Surprise! 18-wheelers are switching to CNG (compressed natural gas) which is basically a gas engine (spark plugs, etc) with a modified fuel system.


----------



## bbos2

It will be hard for me to go back to a gas pickup. Have 130k on my duramax . it did require some work lately , but I feel like I got a ton of life yet on this truck. My 6.0 gasser got beat up even with good regular maintenance, and it just took so much fuel. Like stated above everyone s situation is different. Diesels aren't practical for everyone.

As far as emissions go... Delete em.


----------



## haybaler101

NewBerlinBaler said:


> Surprise! 18-wheelers are switching to CNG (compressed natural gas) which is basically a gas engine (spark plugs, etc) with a modified fuel system.


On a very limited basis. One local truck company is going this way but they have their own fueling station and the trucks stay within that range. They are also low hp fleet trucks. The same companies otr's are high hp diesels.


----------



## somedevildawg

NewBerlinBaler said:


> Surprise! 18-wheelers are switching to CNG (compressed natural gas) which is basically a gas engine (spark plugs, etc) with a modified fuel system.


It ain't cause it's a better engine tho.....


----------



## JD3430

NewBerlinBaler said:


> Surprise! 18-wheelers are switching to CNG (compressed natural gas) which is basically a gas engine (spark plugs, etc) with a modified fuel system.


Yeah...let me know how that works out in the future. 
I love technology, but there's nothing better than a Diesel engine, including a gas engine with spark plugs powered with natural gas.


----------



## Palmettokat

JD3430 "Since all my tractors run on diesel, we also figure it's easier to run one kind of fuel."

Conversation was on trucks and when you said this thought you meant one fuel for trucks and tractors. Was not trying to imply anything out of line. I have wondered about buying the taxed road diesel and then when filing tax, filing for off road use in tractors (no diesel on road vehicles) due to limited sources for off road.

I should have mentioned this in my post but we get use to what we are use to and do not think about situations not our normal. We have very very little natural grades here. Our grades here are almost all bridges and then not long steep ones at that. On top of that for me 15,000 pound load would be as large as I would ever "hope" to need to haul. For my needs and terrain my rig is more than enough.

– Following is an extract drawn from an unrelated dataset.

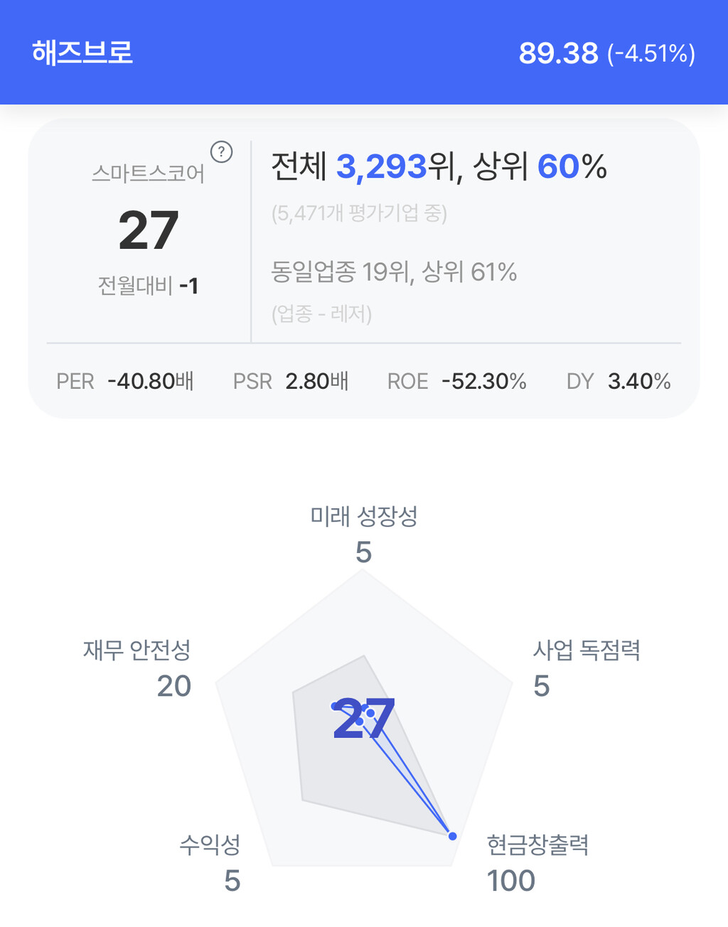 해즈브로 주가는 89.38달러로 4.51% 하락 마감했다.

Might be orange and apple comparison here but the number of gears and high and low ranges here were first seen on diesel tractors and trucks. The gas ones seemed to do fair or okay with a single range four speed transmission in tractors but the diesels needed the two ranges. In heavy duty pickups my limited knowledge the diesels were where the higher number gears also first showed up. Was that due to diesels have narrow rpm range?


----------



## IH 1586

My thinking on diesel for pickup is you better use it for what it's built for to justify it. 50-75% of my miles on my current truck might justify it with pulling equipment, trailer, has 100 gal fuel tank in back with tool box, and with the hills here but last year I only put less than 2000 miles on it. Purchased in 2007 with 34,xxx miles and in March turned over 100,000. Taking scrap roofing to junk yard found out that with the trailer it weighed in at 11,700 lbs.and that's with both fuel tank about empty (Diesel & Gas) so at any given time just the truck is at or above 10,000 lbs.

For my particular operation I don't think I can justify extra costs.


----------



## Vol

IH 1586 said:


> For my particular operation I don't think I can justify extra costs.


That seems to be a thing that many folks have trouble actually calculating. Often it is more of a rationalization than a true justification. Lots of high schoolers running diesels out there and some adults that act like they are still there...

Regards, Mike


----------



## JD3430

PaMike said:


> My buddy had a 6.0 gas and my other buddy had an early duramax. When we would run down the highway together with the racecar trailers the 6.0 could actually outpull the duramax on the hills. I don't remember the specifics but it had to do with the gearing differences between the two. The duramax was a better overall towing rig but when it came to the hills the gasser did better...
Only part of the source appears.